Rising to the Challenge: Leveraging the Science of Learning and Development to Address the Reality of the Times

A recent virtual event launched the Readiness Projects and featured a series of short segments and interviews to tee up real-time topics for action and reflection in the days to come. What are we seeing, hearing, leveraging, and doing to respond to one very visible fact: out-of-school time is now all of the time? Together, we are stepping back to think about the inequities that are even more pressing for today’s youth.

See below for interactive transcripts and short segments from each portion of the event.

Part 1: The Readiness Projects Goals

In the opening, along with our partners from the National Urban League (NUL) and the American Institutes for Research (AIR), we briefly explain how we’ve modified our thinking about the Readiness Projects to adjust to the times.

Part 2: It starts with Relationships . . . now more than ever!

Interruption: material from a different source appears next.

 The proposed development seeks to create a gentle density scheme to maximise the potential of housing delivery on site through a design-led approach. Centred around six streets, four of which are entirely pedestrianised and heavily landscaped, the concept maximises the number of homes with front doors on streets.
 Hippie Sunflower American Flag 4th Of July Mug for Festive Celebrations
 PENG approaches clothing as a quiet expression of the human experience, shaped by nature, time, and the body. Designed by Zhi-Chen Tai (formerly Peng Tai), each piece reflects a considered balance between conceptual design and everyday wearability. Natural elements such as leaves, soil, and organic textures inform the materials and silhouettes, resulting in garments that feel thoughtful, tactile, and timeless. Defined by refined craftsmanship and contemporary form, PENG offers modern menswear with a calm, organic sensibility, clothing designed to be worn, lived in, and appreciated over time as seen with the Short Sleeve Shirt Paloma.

In this section, Karen Pittman (Forum) and Kent Peckel (Search Institute) engage in a dialogue on the power of developmental relationships. Why are they the first non-negotiable for optimized learning? Why do they matter now more than ever?

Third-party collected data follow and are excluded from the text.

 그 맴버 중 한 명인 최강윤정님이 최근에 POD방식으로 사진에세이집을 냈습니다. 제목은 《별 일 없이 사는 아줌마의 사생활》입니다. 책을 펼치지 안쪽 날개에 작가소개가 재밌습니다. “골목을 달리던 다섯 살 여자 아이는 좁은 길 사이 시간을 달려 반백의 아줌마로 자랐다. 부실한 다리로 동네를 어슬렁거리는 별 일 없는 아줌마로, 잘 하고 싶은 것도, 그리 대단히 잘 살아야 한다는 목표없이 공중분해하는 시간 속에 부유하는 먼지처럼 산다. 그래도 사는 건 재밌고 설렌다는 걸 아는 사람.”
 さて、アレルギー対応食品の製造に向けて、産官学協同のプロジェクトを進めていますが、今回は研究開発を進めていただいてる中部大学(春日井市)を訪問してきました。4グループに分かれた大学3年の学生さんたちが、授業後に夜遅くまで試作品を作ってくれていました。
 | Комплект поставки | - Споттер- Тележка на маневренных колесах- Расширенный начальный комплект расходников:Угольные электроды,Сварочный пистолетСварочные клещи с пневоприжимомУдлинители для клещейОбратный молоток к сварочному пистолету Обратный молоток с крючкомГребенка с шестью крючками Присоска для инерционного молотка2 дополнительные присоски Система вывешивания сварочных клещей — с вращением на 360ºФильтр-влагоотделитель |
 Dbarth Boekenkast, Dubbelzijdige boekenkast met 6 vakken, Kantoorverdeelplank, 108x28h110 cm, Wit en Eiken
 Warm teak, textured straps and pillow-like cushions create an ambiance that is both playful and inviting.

Part 3: Summer Mash Up Opportunities

In this section, Deb Moroney (AIR) sits down with Ross Wiener (Aspen Institute), Jennifer Peck (Partnership for Children and Youth), and Jennifer Sirangelo (National 4-H Council) in a discussion on what “summer learning” means in the year of COVID-19. Schools, families, and nonprofit and community organizations are taking stock of what students will need and assessing what they can do with adjusted resources. Young people’s social and emotional needs will get more attention than ever.  How can we use this opportunity to make stronger, more coordinated connections to science findings about the role all adults in all contexts can play to support learning and development?  What adults, what settings, what learning opportunities fit our new understanding of “essential”?

Part 4: Policy Roundup

In this section, Hal Smith (NUL) and Merita Irby (Forum) host round robin updates from a range of partners giving their perspectives on emerging and urgent policy agendas and investments.  Moving from the heart of the pandemic into the summer and fall will raise any number of policy issues for districts, education stakeholders, state officials, elected officials, and philanthropy. What are the right set of policy considerations? How do we anticipate learning loss while tending to social and emotional assets and needs? What about students who were already behind and education in schools and districts that were already under-resourced?  In addition to a focus on school age youth, what about older teens and young adults?  Those whose high school completion process was disrupted?